Migration change – first salvo or fix?

The Albanese Government’s new migration policy aims to rein in the number of new international students, with a series of measures which will mostly hit the VET sector hardest.

Regional universities, which already struggle to cleave international students from the bright lights of a city study stay, are likely to also suffer some reduced demand, but overall, the University sector has begrudgingly accepted the changes – perhaps recognising that any policy launch with the business council and ACTU standing on stage to jointly applaud is going to be tough to beat.

The big question is whether the Migration Strategy will effectively stem the tide of incoming students by weeding out visa manipulators with a Genuine Student Test, tougher English language tests and tougher post-study work right regulations, and a handful of other initiatives. This appears to remain a question also for the Government, which has reserved the right to introduce some form of international student caps if numbers don’t drop sufficiently.

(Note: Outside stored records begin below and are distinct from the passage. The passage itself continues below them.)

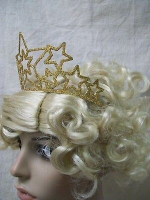 Fancy Gold Star Cluster Costume Tiara / Crown. Made of thin metal. Flexible Tiara can be carefully bent/shaped to fit head size. Gold Glittered on the front. Glitter does shed. Has plastic hair combs that can be put on the ends to help secure wear (if desired). Could be used with costumes such as listed below: For Adult Use - Not intended for children. Unisex could be worn by Female or Male.
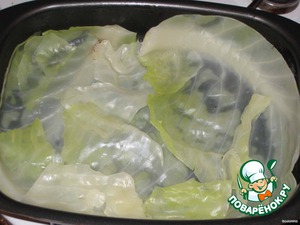 На дно выложить один слой капустных листьев внахлест друг на друга.
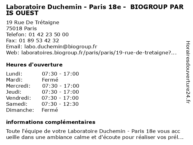 Termes de recherche pour Laboratoire Duchemin - Paris 18e - BIOGROUP PARIS OUEST:paris, laboratoire, ouest, 18e, duchemin, biogroup, dépistages, laboratoire de diagnostic |
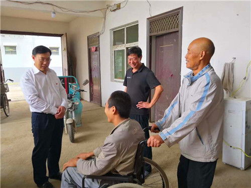 在朱屯村殘疾人貧困戶朱建舟家中,馬衛(wèi)東察看了朱建舟的家電維修店,朱建舟現(xiàn)場(chǎng)演示其改裝的殘疾人縫紉機(jī)。馬衛(wèi)東在詢問(wèn)他的生活以及收入情況后,夸贊他身殘志堅(jiān)、自強(qiáng)不息,是脫貧致富的模范。馬衛(wèi)東叮囑隨行的鄉(xiāng)、村干部要針對(duì)每個(gè)貧困戶的實(shí)際情況,制定相應(yīng)幫扶措施,確保真正脫貧、長(zhǎng)久脫貧。
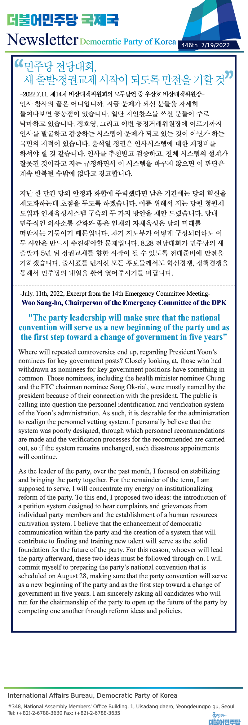 [446th Newsletter] Excerpt from the 14th Emergency Committee Meeting
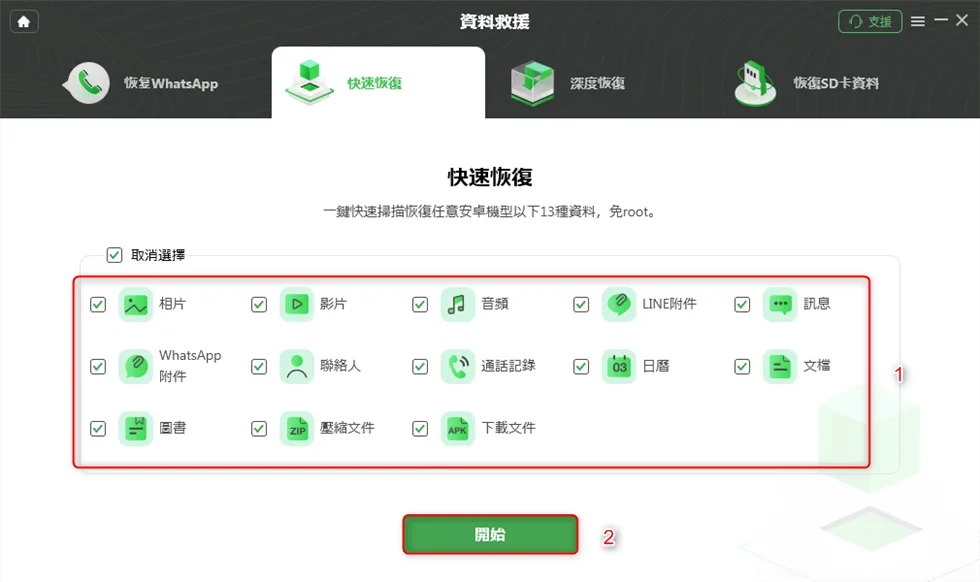 如只需找回一般資料(照片、影片、聯絡人等),選擇:「快速恢復」(速度快、無需 Root)
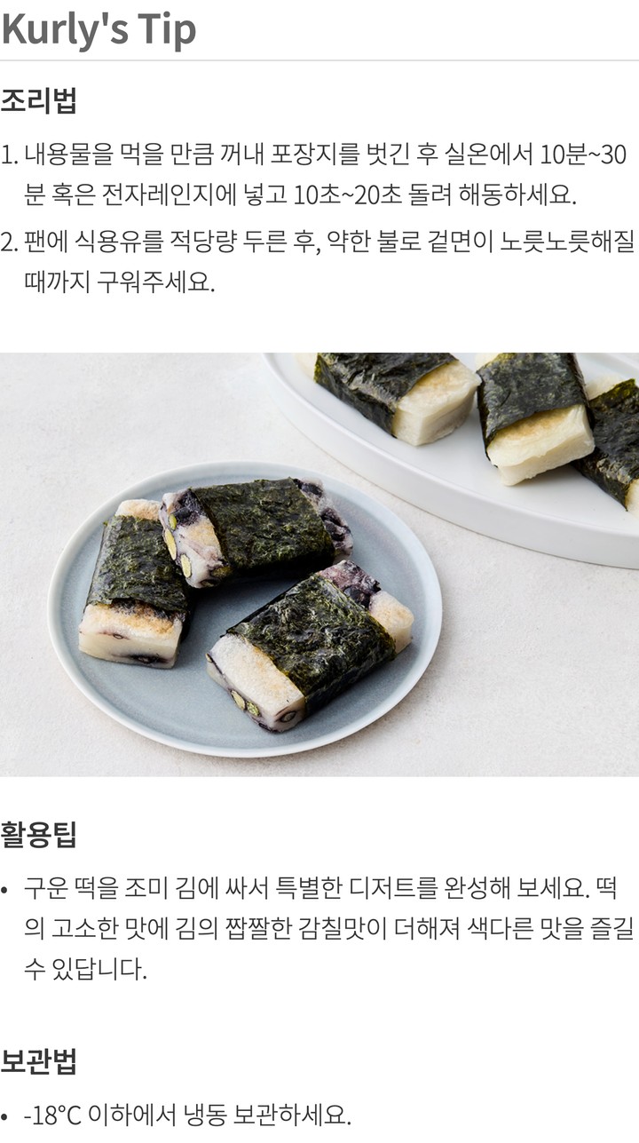 | 알레르기정보 | - 대두 함유 * 알류,메밀,땅콩,밀,게,새우,아황산류,호두,잣 혼입가능 |
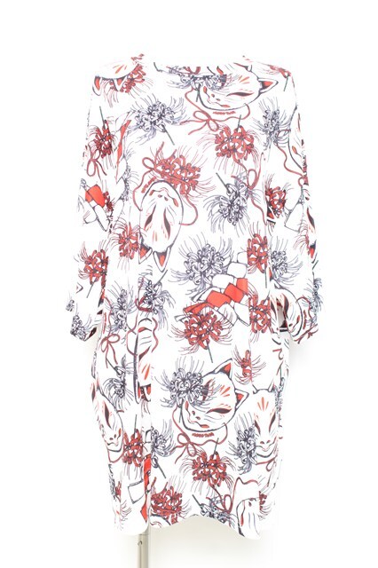 ACDC RAG / 狐面と彼岸花半袖チュニックヒュージTシャツ 白 Y-26-02-17-058-PU-TO-SZ-ZY
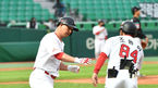 [OSEN=고척, 지형준 기자] 17일 오후 서울 고척스카이돔에서 ‘2020 신한은행 SOL KBO리그’ 키움 히어로즈와 롯데 자이언츠의 경기가 열렸다.3회초 1사 3루에서 롯데 전준우가 투런포를 날리고 허문회 감독과 기뻐하고 있다. /j
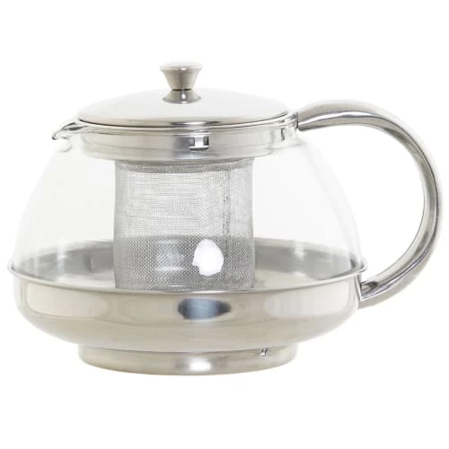 Théière en verre avec Infuseur en Acier Inoxydable Verre et Acier Inoxydable Dimensions : Hauteur 12 cm – Largeur 18 cm – Profondeur 14 cm Contenance : 1050 ml

A record 860,000 international students are enrolled in Australian education this year, with just under half enrolled in universities. While the latest wave of changes will surprise few, the big concern for the sector is whether it will face additional regulation on international student enrolments in the near future, alongside a range of other interventionist approaches forecast in the Accord.

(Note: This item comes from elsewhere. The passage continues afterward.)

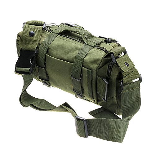 -. Feature : Material:durable Oxford / Gear Capacity N/A L / Shoulder strap: 48"(120cm) / Dimensions: 12.60 in x 8.27 in x 3.35 in (32.0 cm x 21.0 cm x 8.5 cm) / Functions: Breathable and comfortable; With large pocket on the back, can store water bag or books; Can be as waist bag, shoulder bag or handbag; Suitable for cycling, hiking, climbing and photographing, etc
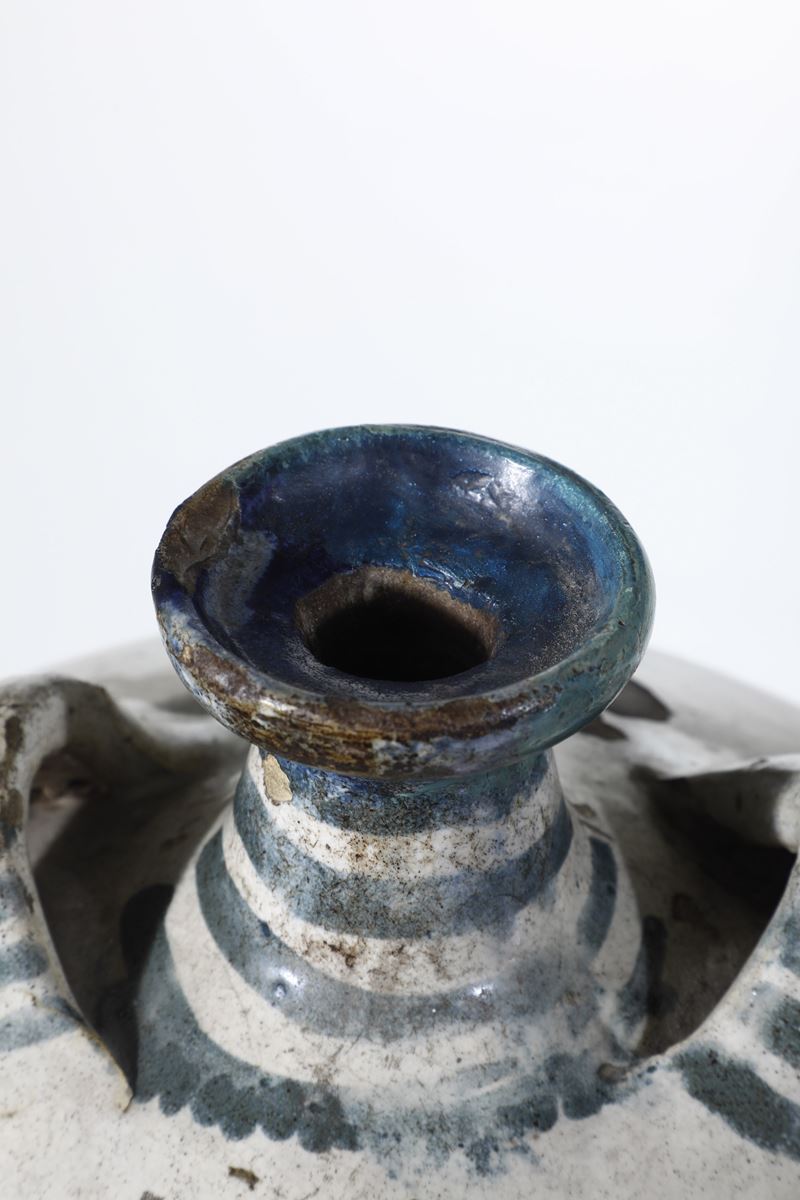 Maiolica. Altezza cm 38,3. Conservazione: parte superiore del collo restaurata.

If ever there was a doubt that the University sector had categorically failed to convince Australians of the value of international students in enriching classrooms, enhancing our workforce and networking our economy, this announcement should be the final nail in the coffin.

“Importantly, the strategy acknowledges how vital international education is to the economy and Australia’s prosperity. It makes us tens of billions of dollars each year, supports tens of thousands of jobs and helps pay for the essential services all Australians rely on,” Universities Australia Chief Executive Catriona Jackson said, welcoming the policy.

“We welcome further measures to preserve the integrity and strength of the education system while protecting students from unscrupulous operators seeking to exploit them for personal gain.”

Overall, the new Migration Policy has been widely welcomed, with UA saying it had worked closely with the government and adding at the end of its statement that international students were valued.

“Universities Australia has engaged deeply with government on the development of the migration strategy and will continue to do so through its implementation as we all work toward a better migration system that underpins a flourishing multicultural nation,” Ms Jackson said.

Higher Education policy expert Professor Andrew Norton said that the migration policy changes were well thought through, but would “make life more difficult for universities relying on migration-motivated international students.”

“Regional study … is deemed a ‘poor predictor’ of labour market success. This is potentially significant for regional universities,” Professor Norton writes.

However, the Regional Universities Network welcomed the migration reforms, with Executive Director of RUN Alec Webb saying his team would be working with the Government on permanent skilled migration and regional migration discussion papers in 2024.

International education researcher Professor Ly Tran noted that the maximum age for a temporary graduate visa will be reduced by 15 years to 35. “This is unreasonable and will make many (if not the majority of) international PhD graduates ineligible for temporary graduate visas,” Professor Tran noted.

“Irony as these graduates hold the highest qualification and great potential to contribute to Australia.”